Activity: Copy out the data exactly, leaving the pictures behind.

Stored data:
● ● ● ●
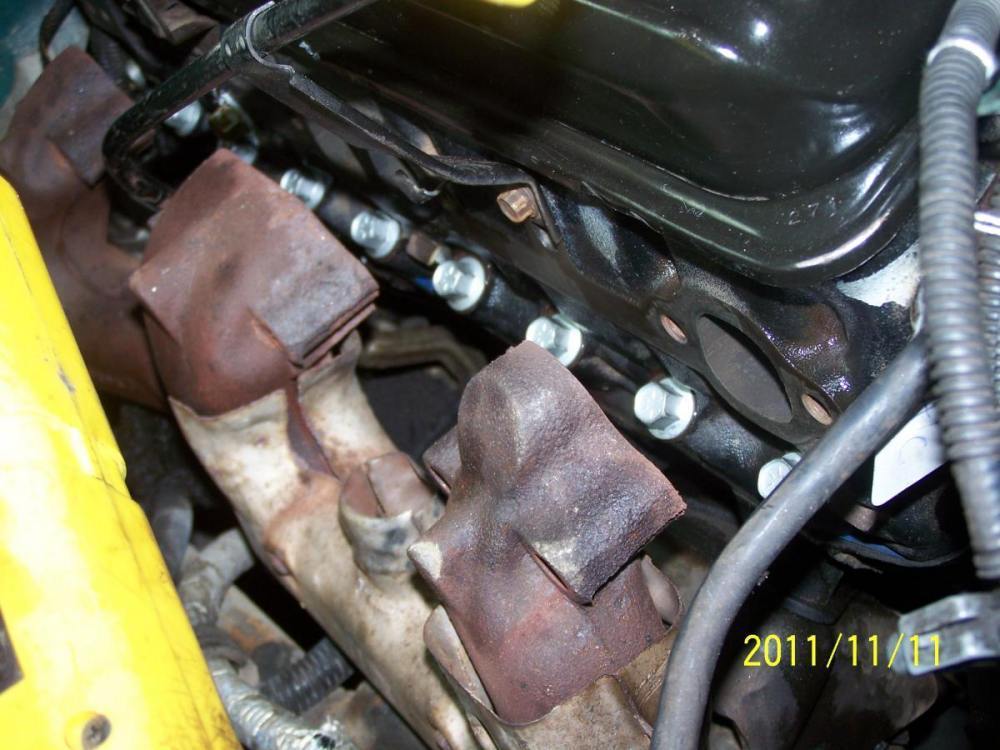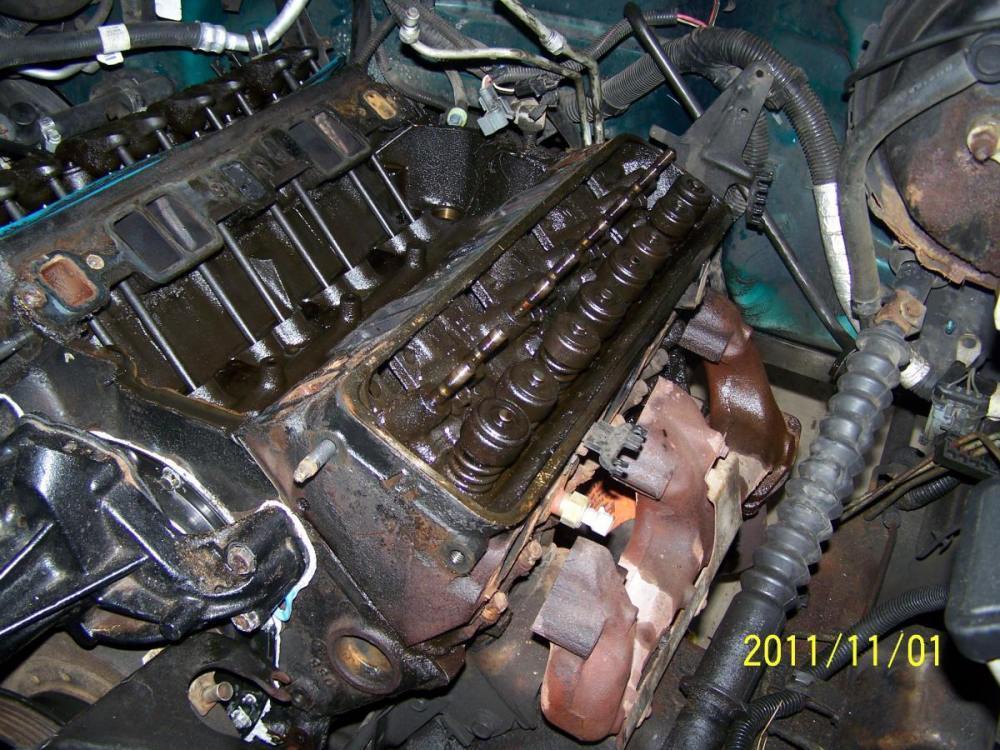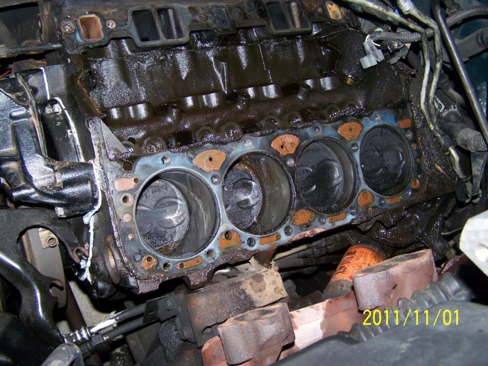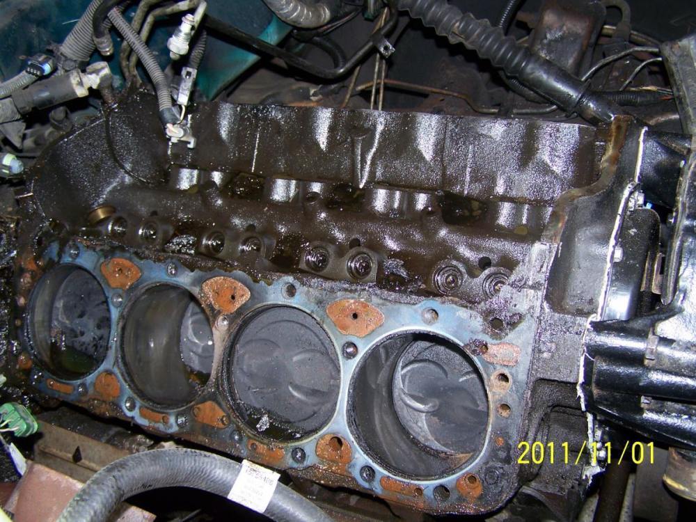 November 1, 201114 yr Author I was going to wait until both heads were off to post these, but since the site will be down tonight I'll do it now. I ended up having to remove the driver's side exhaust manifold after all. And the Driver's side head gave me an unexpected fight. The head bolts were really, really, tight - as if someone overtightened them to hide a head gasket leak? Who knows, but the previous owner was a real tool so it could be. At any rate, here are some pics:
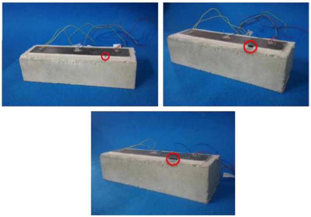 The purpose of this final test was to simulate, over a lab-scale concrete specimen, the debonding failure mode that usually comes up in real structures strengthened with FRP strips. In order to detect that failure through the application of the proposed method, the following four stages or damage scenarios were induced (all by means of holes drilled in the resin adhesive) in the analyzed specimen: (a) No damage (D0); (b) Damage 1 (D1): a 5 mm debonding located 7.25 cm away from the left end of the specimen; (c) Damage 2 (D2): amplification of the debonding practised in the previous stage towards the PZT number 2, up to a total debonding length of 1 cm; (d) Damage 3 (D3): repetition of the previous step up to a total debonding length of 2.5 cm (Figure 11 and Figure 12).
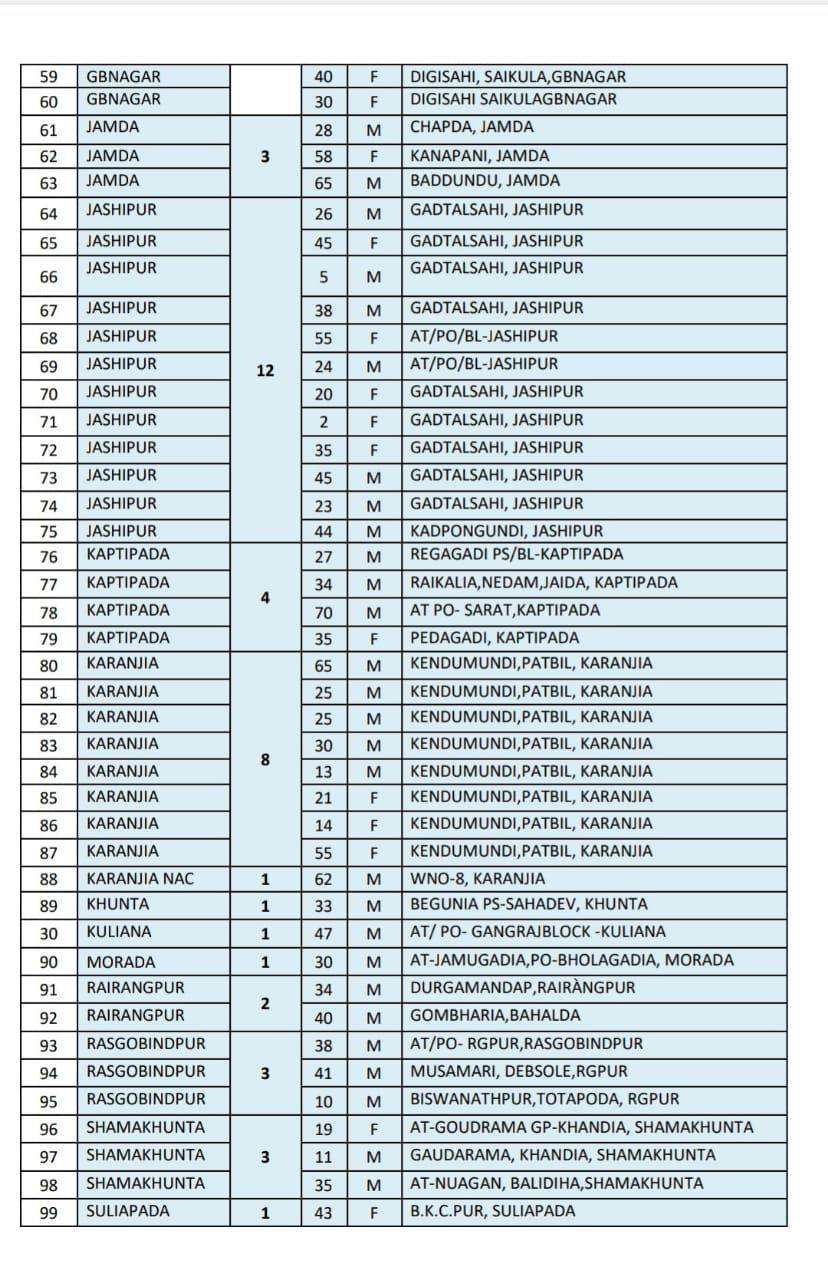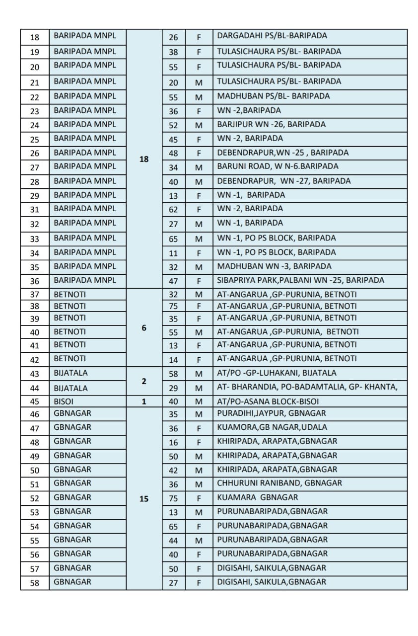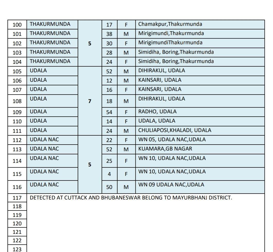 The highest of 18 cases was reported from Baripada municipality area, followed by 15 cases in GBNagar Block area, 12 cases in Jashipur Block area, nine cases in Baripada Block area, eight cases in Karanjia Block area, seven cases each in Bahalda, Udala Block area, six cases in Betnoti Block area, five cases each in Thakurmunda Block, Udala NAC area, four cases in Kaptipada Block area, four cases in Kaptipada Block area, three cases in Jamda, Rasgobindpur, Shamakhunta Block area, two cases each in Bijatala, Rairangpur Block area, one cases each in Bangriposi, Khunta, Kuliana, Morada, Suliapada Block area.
● ● ● ●
Exercise result:
 November 1, 201114 yr Author I was going to wait until both heads were off to post these, but since the site will be down tonight I'll do it now. I ended up having to remove the driver's side exhaust manifold after all. And the Driver's side head gave me an unexpected fight. The head bolts were really, really, tight - as if someone overtightened them to hide a head gasket leak? Who knows, but the previous owner was a real tool so it could be. At any rate, here are some pics:
 The purpose of this final test was to simulate, over a lab-scale concrete specimen, the debonding failure mode that usually comes up in real structures strengthened with FRP strips. In order to detect that failure through the application of the proposed method, the following four stages or damage scenarios were induced (all by means of holes drilled in the resin adhesive) in the analyzed specimen: (a) No damage (D0); (b) Damage 1 (D1): a 5 mm debonding located 7.25 cm away from the left end of the specimen; (c) Damage 2 (D2): amplification of the debonding practised in the previous stage towards the PZT number 2, up to a total debonding length of 1 cm; (d) Damage 3 (D3): repetition of the previous step up to a total debonding length of 2.5 cm (Figure 11 and Figure 12).
 The highest of 18 cases was reported from Baripada municipality area, followed by 15 cases in GBNagar Block area, 12 cases in Jashipur Block area, nine cases in Baripada Block area, eight cases in Karanjia Block area, seven cases each in Bahalda, Udala Block area, six cases in Betnoti Block area, five cases each in Thakurmunda Block, Udala NAC area, four cases in Kaptipada Block area, four cases in Kaptipada Block area, three cases in Jamda, Rasgobindpur, Shamakhunta Block area, two cases each in Bijatala, Rairangpur Block area, one cases each in Bangriposi, Khunta, Kuliana, Morada, Suliapada Block area.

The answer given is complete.